Él, personalmente, pensaba que las sillas de amazona eran una estupidez peligrosa, pero si se lo decía se vería obligado a explicarle por qué tendría que utilizarla de todas maneras, y no quería verse envuelto en una discusión de ese tipo con ella.
Aunque, si hubiera conocido mejor a Celia, se habría dado cuenta de que no abandonaría el tema tan pronto.
—¿Por qué las damas no montan a horcajadas?
Jake se caló el sombrero casi hasta los ojos.
—Porque si lo hicieran se les levantarían las faldas y enseñarían las piernas.
—Entonces, ¿por qué las mujeres no llevan pantalones como los hombres?
—Porque así también enseñarían las piernas.
Celia asomó la cabeza por encima del lomo de Gitana.
—No más de lo que las enseñan los hombres —aseguró indignada—. ¿Por qué las piernas de las mujeres son distintas a las de los hombres?
Jake empezó a sentirse acorralado.
—Porque son más bonitas.
Ella bajó la cabeza, sin duda observando sus propias piernas, aunque estaban ocultas bajo su falda azul.
—Pero si son más bonitas, entonces, ¿para qué esconderlas? —preguntó, ahora completamente desconcertada—. Yo creo que los hombres deberían llevar faldas para esconder las piernas si son feas, y las mujeres deberían llevar pantalones.
Jake apretó los labios, tratando de controlar la risa.
—Los hombres tienen que hacer trabajos muy pesados —señaló—. Y no podrían realizarlos si llevaran faldas, ¿verdad? ¿Te imaginas al comandante con un vestido de volantes?
Celia se rió.

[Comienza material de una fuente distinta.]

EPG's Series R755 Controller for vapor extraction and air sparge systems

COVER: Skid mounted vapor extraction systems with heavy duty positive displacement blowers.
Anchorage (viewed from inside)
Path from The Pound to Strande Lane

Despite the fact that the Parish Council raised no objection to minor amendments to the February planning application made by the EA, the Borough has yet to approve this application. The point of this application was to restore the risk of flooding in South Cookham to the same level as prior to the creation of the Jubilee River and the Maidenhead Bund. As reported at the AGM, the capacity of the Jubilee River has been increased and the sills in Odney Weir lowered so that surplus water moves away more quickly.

Pero otro pensamiento se le pasó por la cabeza y entrecerró los ojos al mirarlo, un gesto que la hacía parecer una gatita feroz.
—Las mujeres llevan faldas cuando cocinan.

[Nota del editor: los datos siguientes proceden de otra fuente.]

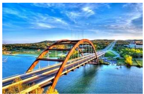
The Pennybacker Bridge in Austin is a througharch bridge across Lake Austin which connects the northern and southern sections of the Loop 360 highway, also known as the "Capital of Texas Highway."
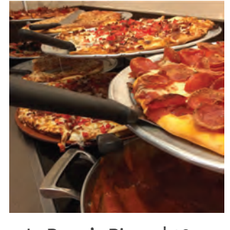
LaRosa's Pizza | $8pp
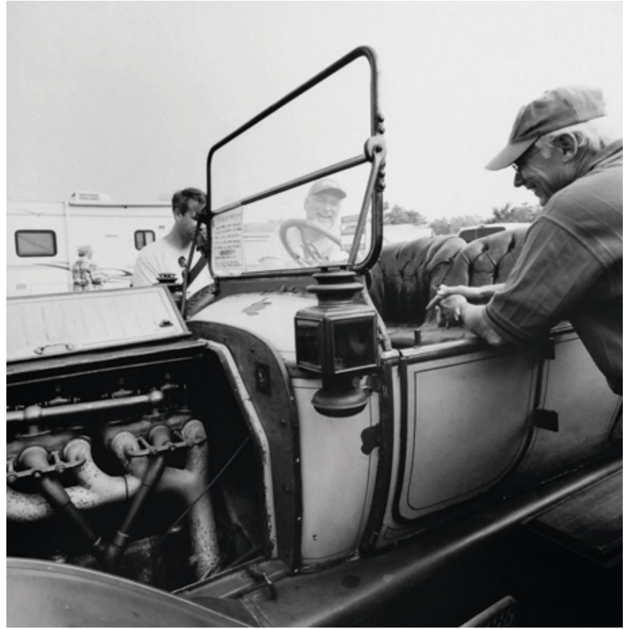
Two Friends with Early Car

—Están acostumbradas a llevarlas; a los hombres se les enredarían los enormes pies en tanta tela y se caerían.
—A veces yo también me tropiezo. Por eso creo que debería llevar pantalones.
Jake se rindió e hizo lo único que podía hacer un hombre.
—¿Por qué no le preguntas a Victoria al respecto?
Celia suspiró con pesar.
—No, ella nunca me dejaría.
Siguió cepillando a Gitana, y Jake la miró con una leve sonrisa. Era adorable; entendía por qué Victoria la protegía tan fieramente. Entendía incluso por qué había accedido a casarse con McLain. Después de todo, no sabía qué clase de malnacido era, e hizo lo que pudo para que a su familia no le faltara nada. Jake pensó para sus adentros que su padre debía ser un hijo de perra débil y mojigato para vender a Victoria a un hombre que le doblaba la edad. Pero no por ello su hija dejaba de ser una dama.
Celia y Emma se convertirían en responsabilidad de Jake cuando se casara con Victoria, y era consciente de que probablemente tendría más conversaciones de aquel tipo con Celia. Al menos, siempre podría mandarla con Victoria cuando el tema le superara. Tal vez pudiera sugerirle que le planteara a Ben algunas de sus cuestiones. Hacía mucho tiempo que nadie ponía a su hermano en un aprieto; estaba deseando presenciar el momento.